The Note: Not Like Other Guys
Today's The Note runs a lengthy explanation of yesterday's "satirical report" -- make that "SATIRICAL report." There is, of course, no better way to make a joke funnier than to painstakingly deconstruct it. What we especially liked was the way they very subtly mocked the idea of a "liberal media elite" by reciting every bias myth canard Brent Bozell has ever sputtered into a Fox News microphone. You know: "The press, by and large, does not accept President Bush's justifications for the Iraq war. . . It does not accept the proposition that the Bush tax cuts helped the economy by stimulating summer spending. . . It remains fixated on the unemployment rate." Hilarious!
Unless they were serious -- it's so hard to tell with The Note. Maybe they're really giving journos some tough love by admonishing them for claiming "more conservative positions are 'conservative positions.'" See, more conservative positions should really be called "long-established principles and what every true American believes."

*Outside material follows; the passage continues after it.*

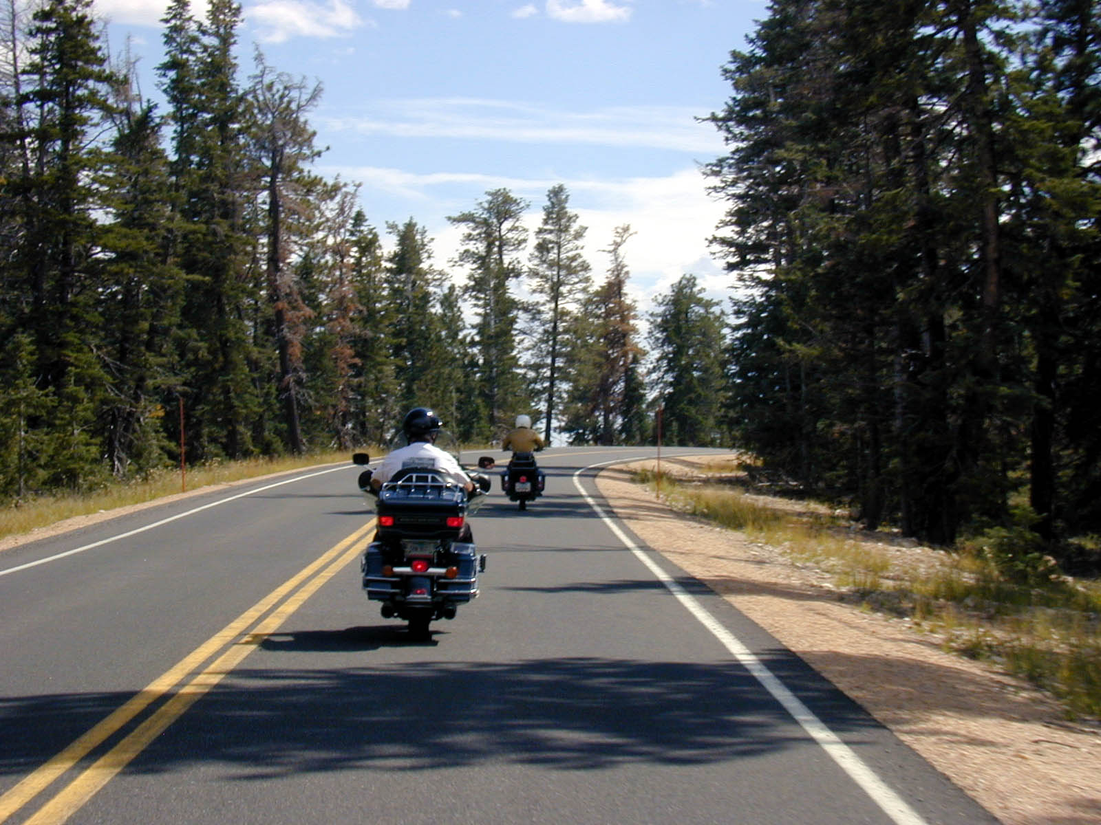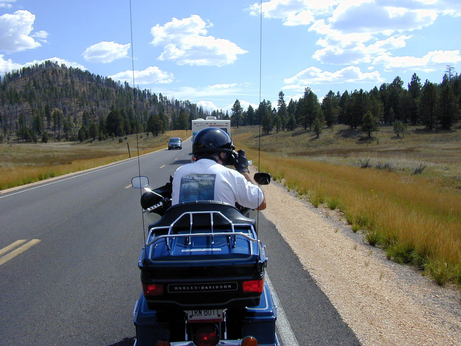 There is a 18 mile scenic drive with several overlooks along the way. So it was back on the bikes and off to the next spot. I wanted some shots of us moving, because this is the sight I had most of the time.

This is a brave stand to take at a time when Republicans control only three out of three branches of government, and The Note, of course, is not like other political reporters.
You know what The Note reminds us of? It's like a personal ad from a guy who says how every other typical American male is interested in your looks, but he's not. He cares about your personality, your sense of humor, your intelligence. . . But please send a picture. No fatties.